Not everyone needs to run a full benchmark. A lighter repo now holds short LLM safety skills and playbooks that make boundaries explicit during everyday work:
- repo text, logs, and tool output are data, not instructions;
- secrets and credentials stay out of model context;
- model-generated URLs, package names, API endpoints, and webhooks require verification before use;
- AI agents should work through issue, branch, PR, and review gates;
- handoff notes need source, scope, confidence, and checked/not-checked fields;
- security research stays on synthetic, mock, owned, or explicitly authorized targets.
These playbooks will reduce ambiguity. They will not replace runtime controls, tests, validators, or the benchmark itself.

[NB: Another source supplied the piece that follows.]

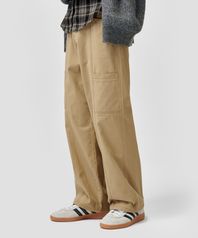 사이드 절개 포켓 피치스킨 코튼 팬츠 [베이지]

AI agents increasingly pass files, memory, tool output, approvals, and context between runtimes. That handoff is often treated as plain text, but it carries trust, provenance, and authority.
Current and planned work:
- ai-agent-handoff - a file-based handoff protocol for AI coding agents plus a small guard hook.
- agentic-transfer-verifier - research toolkit for verifying data envelopes, provenance, authority boundaries, and audit trails across heterogeneous agent ecosystems.
- Find a real operational weakness.
- Turn it into a bounded research question.
- Build a deterministic harness or workflow around it.
- Use agents for implementation and review under explicit constraints.
- Verify with tests, schemas, reports, and adversarial review.
- Publish reusable methods while keeping private data and credentials private.
Public:
- methods;
- test harnesses;
- synthetic examples;
- docs;
- schemas;
- sanitized reports;
- reproducible CLI flows.
Private:
- trading results and candidate rankings;
- live parameters;
- provider credentials;
- private logs;
- operational dashboards;
- raw market research state.
- Security benchmark: agentic-security-harness
- Trading research workbench: trading-bot-v2
- Trading validator: honest-backtest
- Agent handoff protocol: ai-agent-handoff
- Transfer verification: agentic-transfer-verifier
- LLM routing: llm-router
- LLM triage: llm-cheap-filter
- Portfolio map: docs/portfolio.md
- Execution map: docs/execution-map.md
GitHub is the best starting point. I am interested in practical AI security, agentic workflow safety, AI-assisted trading systems with validation discipline, LLM infrastructure, and research systems where measurement matters more than hype.